Belangrijk is ook dat experimenteel veroorzaakte laesies tot verschijnselen aanleiding blijken te geven die vergelijkbaar zijn met die worden aangetroffen bij ziekte. Dit betekent niet alleen dat experimenten opgevat kunnen worden als nabootsing van de onaangeroerde natuur, maar tevens dat ziekte geen zelfstandige entiteit is die zich in het lichaam heeft genesteld - men vergelijke de door Schrant bekritiseerde ontologische ziekteopvatting - maar primair begrepen moet worden als gevolg van verstoring van de normale lichaamsfuncties. Daar met verstoring van lichaamsfuncties ook de mogelijkheid van hun normalisatie zich aandient, zijn de verwachtingen omtrent het heil van de experimenteel-fysiologische benadering voor de geneeskunde in de periode 1860-1875 hooggespannen. Anders dan Luyendijk-Elshout het doet voorkomen, was de oratie van Schrant dus allerminst een curiosum, zoals ook blijkt uit diverse andere oraties van vergelijkbare strekking uit dezelfde periode.3-5

Toegegeven: uiteenzettingen over het ziektebegrip in onze postmoderne tijden zijn zeldzaam geworden. Dat is mijns inziens niet het gevolg van drukte of stormachtige ontwikkelingen, maar van het feit dat wij hebben leren inzien dat concrete ziektebegrippen bij voortduring onderhevig zijn aan verandering door de komst van nieuwe diagnostische procedures of therapieën. In discussies over de vormgeving van concreet medisch beleid speelt onenigheid over wat moet gelden als de te behandelen ziekte terecht dan ook nog steeds een belangrijke rol.

Tj. Wiersma
Literatuur
  1. Wiersma Tj. Twee eeuwen zoeken naar medische bewijsvoering. De gespannen verhouding tussen experimentele fysiologie en klinische epidemiologie. Amsterdam: Boom; 1999.

  2. Cranefield PF, editor. Claude Bernard's revised edition of his Introduction à l’étude de la médecine expérimentale. New York: Science history publications; 1976.

  3. Heynsius A. Redevoering over het tegenwoordig standpunt der physiologie en haar verband met de geneeskunde. Uitgesproken ter aanvaarding van het hoogleraarsambt aan de hoogeschool te Leiden den 7 maart 1866. Amsterdam: C.G.van der Post; 1866.

  4. Huet GDL. Over de noodzakelijkheid om de geneeskunde als natuurwetenschap op te vatten. Leiden: W.T.Werst; 1872.

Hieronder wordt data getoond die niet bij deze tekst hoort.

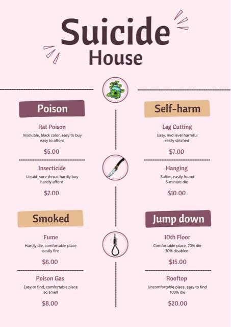 คนซึมเศร้าในวันเศร้าซึม ไม่ว่าจะทำอะไรความคิดที่มีในหัวสมองมันก็บิดเบี้ยวไปหมด แต่ฉันเชื่อว่าฉันคิดถูก นี่คืออีก 1 สัจธรรมที่ต้องยอมรับให้ได้; ไม่มีใครอยากเคียงข้างฉันหรอก ฉันปาดน้ำตา สูดน้ำมูกแล้วมองลงไปยังชั้น 1 ของคอนโด มองจากตรงนี้มันช่างสูงดี แต่วันจริง ฉันคงขึ้นไปชั้น 29 ราวบันไดที่กั้นนี้มันสูงจังเลยนะ คงปีนยากน่าดู ฉันคงเอาเก้าอี้ไปช่วยปีนด้วย ฉันจะกรีดน่องข้างขวาที่ยังว่างอยู่ ให้เลือดชั่วในตัวมันไหลออกมากองข้างนอก แล้วก้าวขาออกไปเหยียบอากาศอันว่างเปล่า ฉันจะหล่นลงไปหัวระเบิดติดพื้นปูนอยู่ที่ชั้น 1 และฉันจะไม่มีความรู้สึกกลัว, ไม่รู้สึกเจ็บ, ไม่รู้สึกกดดัน, ไม่มีความคิดว่าเป็นภาระ และสุดท้ายฉันจะไม่หายใจอีกเลย

  5. Stokvis BJ. De eenheid der physiologie en der pathologie in hare beteekenis voor de beoefening der beide wetenschappen geschetst. Amsterdam: Athenaeum; 1874.

A.M.
Luyendijk-Elshout

Oegstgeest, januari 2000,

Collega Wiersma heeft, zoals uit zijn commentaar blijkt, een zeer uitvoerige studie in zijn proefschrift uit 1999 aan het onderwerp gewijd en daarmede aangetoond dat Schrant niet de enige was die met deze problemen bezig was.

Mijn bedoeling was om een verslag te geven van de discussie rond het onderwerp in de context van het Tijdschrift in 1863. De latere bijdragen waaraan Wiersma refereert, zijn ongetwijfeld een aanvulling, maar vielen buiten het bestek van mijn commentaar.

De oratie van Schrant werd door mij niet als een curiosum beschouwd, maar als een aanleiding tot een pleidooi voor een fysiologische geneeskunde, zoals die zich in Duitsland ontwikkelde.